La foto es el lenguaje de la inmediatez; el dibujo, el de la íntima reflexión”. Ahora es cuestión de
que los cuerpos de los retratados se diluyan entre los trazos marcados por el lápiz; que la línea se
abra camino devorando la imagen; que el dibujo se coma los fragmentos de carne; que se
impongan las violentas costuras, la traslucidez del papel, los remaches metálicos. Destruir más
que crear, porque la identidad también está ligada a cuestiones como la fragilidad y la caída, a la
dura confrontación entre realidad y deseo, a la sucesión de agresiones y caricias. Pero el reloj se
paró.
Demasiados errores. Demasiados remiendos. Demasiadas cartas boca arriba. El delito ya se
consumó. La decisión ya está tomada. Debemos condenar y condenamos a Germán Gómez. Él
mismo ha alegado en su defensa ser incapaz de dejar de hacer lo que hace –¿enajenación
mental?, ¿manía persecutoria?, ¿paranoia?– y que sus acciones van conformando un diario íntimo
con el que se define y se retrata en persona. Son las páginas de una autobiografía escritas a
partir de la asimilación de los demás. Ante tales evidencias, la pena de Germán Gómez no puede
ser otra: el joven artista está condenado a la cadena perpetua, a buscarse a sí mismo de por
vida, o lo que es peor, a que a su osadía sólo la ponga fin lo inevitable: su propia muerte. Pena
de muerte.
Javier Díaz-Guardiola
NOTAS
1.-Estas palabras le fueron dichas a Germán Gómez por Cristina García Rodero durante un curso de verano impartido por
la Universidad Complutense en El Escorial, tal y como él mismo recuerda en el texto para el catálogo de la muestra Los
géneros. El cuerpo. Conceptos y representaciones (2004). Celebrada en la Sala Alcalá 31 de la CAM.

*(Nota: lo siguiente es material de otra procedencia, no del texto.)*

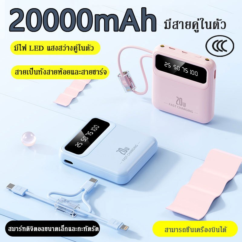 【China CCC】Power Bank 20000mAh มีสายชาร์จคู่ใช้งานได้ ไฟ LED สองดวงให้แสงสว่างมาก เหมาะสำหรับโทรศัพท์มือถือทุกรุ่น

2.-Texto del díptico de la exposición sobre el mencionado proyecto celebrada en la Sala Avenida de América, 13, de
Madrid, en 2001.
3.-Por este trabajo, Germán Gómez fue seleccionado en la muestra Generación 2001 de CajaMadrid y fue galardonado
con el Primer Premio Nacional de Fotografía INJUVE 2001.
4.-Cita recogida por José Marín-Medina en el texto del catálogo de la muestra Los géneros. El cuerpo. Conceptos y
representaciones (2004)
5.-Su presentación tuvo lugar en las páginas del suplemento cultural ABCD (número 769 del 28 de octubre de 2006).